═══ Excerpted records ═══

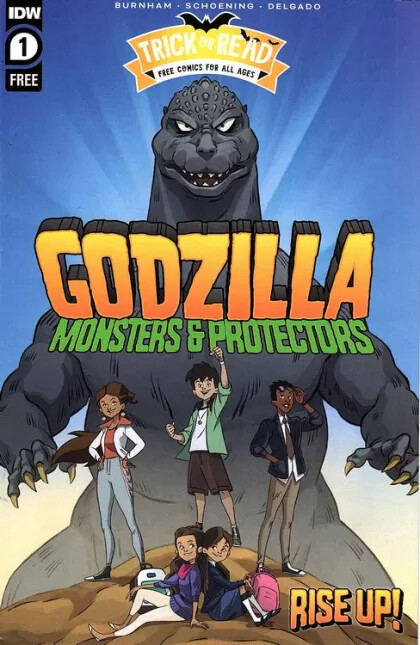 Godzilla: Monsters & Protectors (1D) Dan Schoening Godzilla roars back into comics! Â Â "Rise Up!" Part 1: When a coldly single-minded businessman uses an untested element to create clean energy for a profit, he inadvertently awakens the beast from the deep--Godzilla! Sensing the harm the new energy poses to the planet, Godzilla attacks the heart of the problem--humankind! It will be up to three intrepid middle-school students--with a little magic help from Infant Island--to show Godzilla that not all humans are bad... and that there is still hope for Planet Earth. Reuniting the blockbuster creative team of writer Erik Burnham, artist Dan Schoening, and colorist Luis Antonio Delgado (Ghostbusters), Godzilla: Monsters & Protectors promises to romp and stomp fans--old and new--of the greatest kaiju ever like never before!
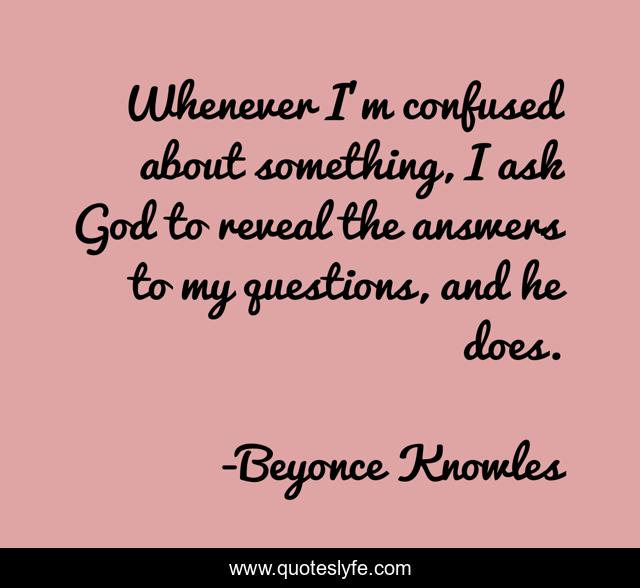 This page presents the quote "Whenever I'm confused about something, I ask God to reveal the answers to my questions, and he does.". Author of this quote is Beyonce Knowles. This quote is about questions, confused, answers,.
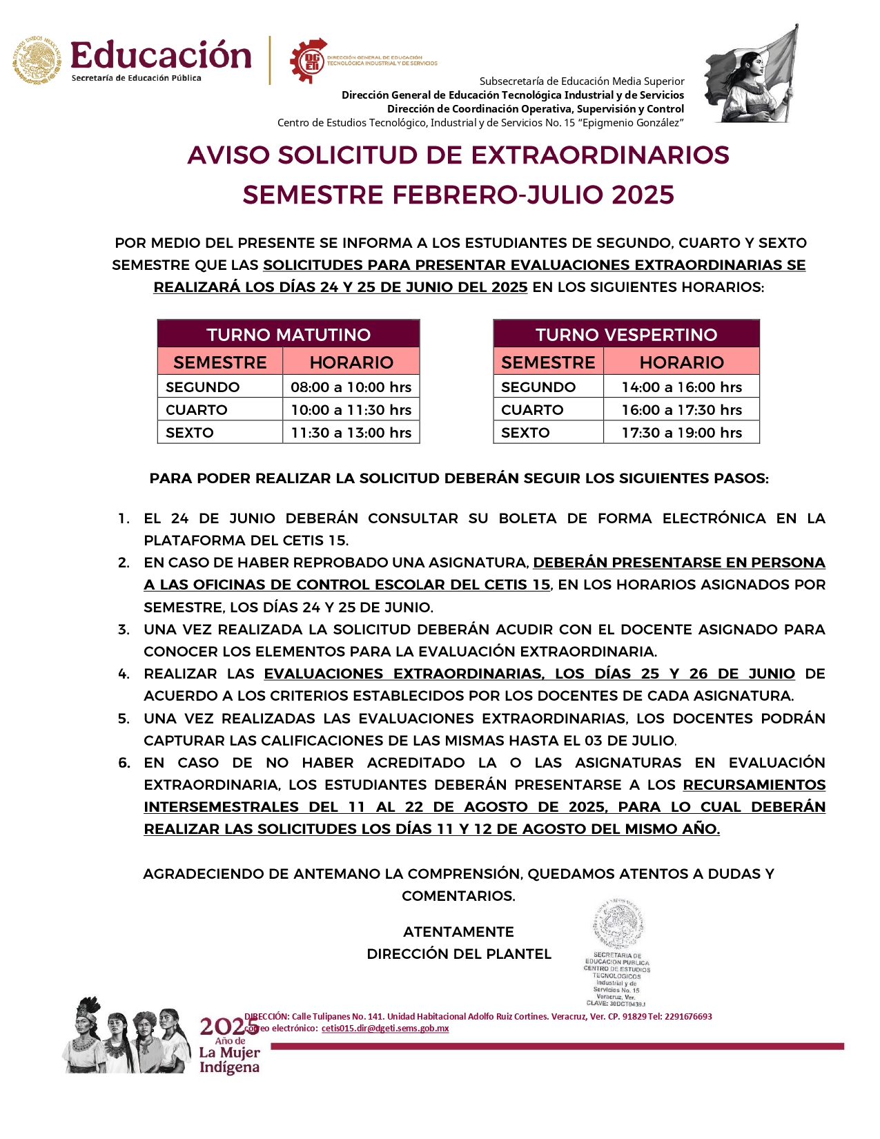 2. EN CASO DE HABER REPROBADO UNA ASIGNATURA, DEBERÁN PRESENTARSE EN PERSONA A LAS OFICINAS DE CONTROL ESCOLAR DEL CETIS 15, EN LOS HORARIOS ASIGNADOS POR SEMESTRE, LOS DÍAS 24 Y 25 DE JUNIO.
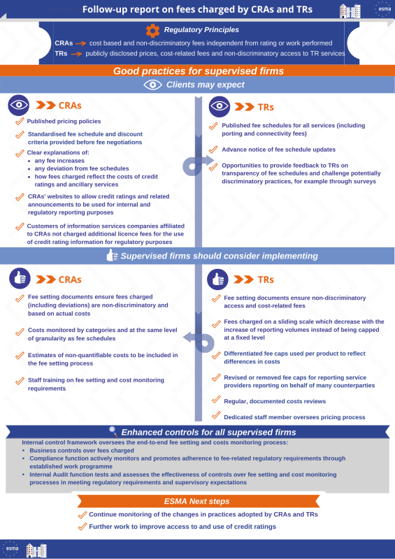The European Securities and Markets Authority (ESMA) has published a Follow Up to the Thematic Report on fees charged by Credit Rating Agencies (CRAs) and Trade Repositories (TRs). |
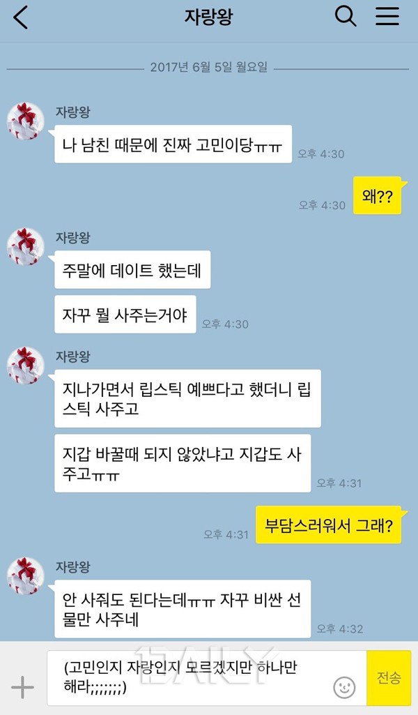 °¡²û¾¿ 'ÀÌ°Ô ÁøÂ¥ °í¹Î°Å¸®ÀÎÁö, ÀÚ¶ûÀÎÁö ¸ð¸£°Ú³×'¶ó´Â »ý°¢ÀÌ µå´Â °í¹ÎÀ» Åоî³õ´Â Ä£±¸µéÀÌ ÀÖ´Ù. ¿¹¸¦ µé¸é "³²ÀÚÄ£±¸°¡ ÀÚ²Ù ºÎ´ã½º·´°Ô ºñ½Ñ ¼±¹°À» »çÁà."¶ó´ø°¡ "³²ÀÚÄ£±¸°¡ ÀÚ²Ù ¿¬¿¹ÀÎ ´à¾Ò´ë" µî °í¹ÎÀÎÁö ÀÚ¶ûÀÎÁö ½±°Ô ±¸ºÐÀÌ µÇÁö ¾Ê´Â À̾߱⸦ °í¹ÎÀ̶ó¸ç ¿¬¾Ö»ó´ãÀ» ¿äûÇÑ´Ù. óÀ½ ÇѵΠ¹øÀº °í¹ÎÀ̶ó°í »ý°¢Çؼ µé¾îÁÙ ¼ö ÀÖ´Ù. ÇÏÁö¸¸ ¹Ýº¹Çؼ ÀÌ·± À̾߱⸦ ´Ã¾î³õ´Â Ä£±¸¸¦ º¸¸é Áø½ÉÀ¸·Î ¹¯°í ½Í´Ù. Á¤¸» °í¹ÎÀ̶ó°í »ý°¢ÇÏ´Â °ÇÁö, Àº±ÙÈ÷ µ¹·Á¼ ÀÚ¶ûÀ» ÇÏ°í ½ÍÀº °ÇÁö.
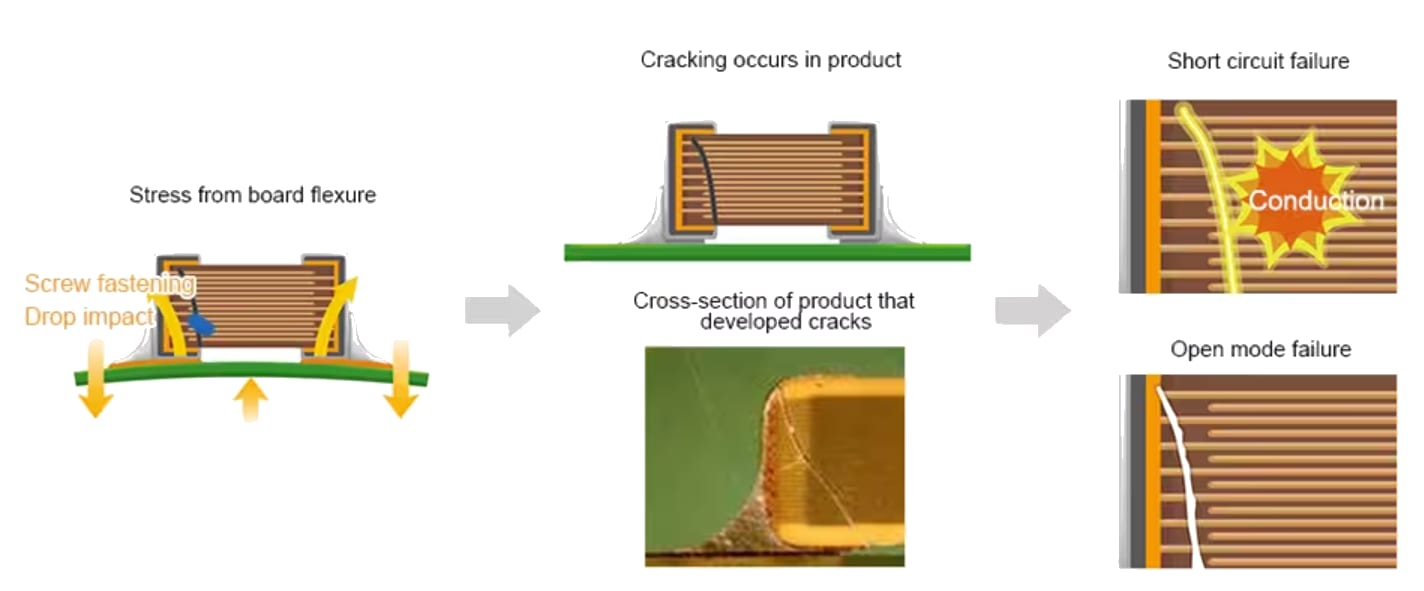 Figure 1: The main causes of flex cracks and the process of flexing the PCB. (Source TDK)
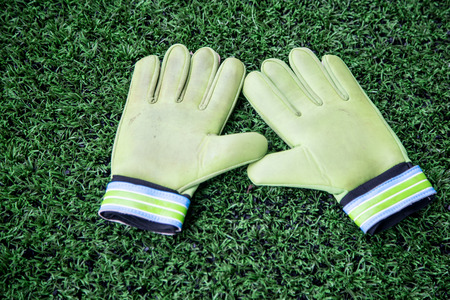 goalkeeper gloves in the grass on the football field
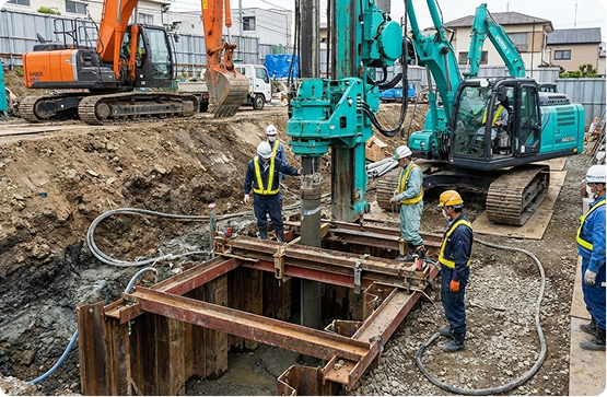 特殊な地盤改良工法など、他社では難しい技術的な施工現場の様子。専門性の高さを視覚的に伝えます。
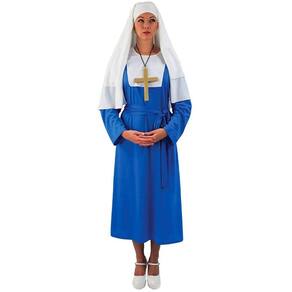 Talvez como a mascote do vinho, ou apenas para se destacar em um mar de fantasias de freira em preto e branco? O traje de freira azul é um achado divino! Combine-o com uma fantasia de padre, vendida separadamente, para uma ótima fantasia para casais.

═══

What you should do –
Every line from the one containing "Figure 1: The" through the last line of the data is to be retyped exactly, with nothing added and no pictures included.

Answer to the problem –
 Figure 1: The main causes of flex cracks and the process of flexing the PCB. (Source TDK)
 goalkeeper gloves in the grass on the football field
 特殊な地盤改良工法など、他社では難しい技術的な施工現場の様子。専門性の高さを視覚的に伝えます。
 Talvez como a mascote do vinho, ou apenas para se destacar em um mar de fantasias de freira em preto e branco? O traje de freira azul é um achado divino! Combine-o com uma fantasia de padre, vendida separadamente, para uma ótima fantasia para casais.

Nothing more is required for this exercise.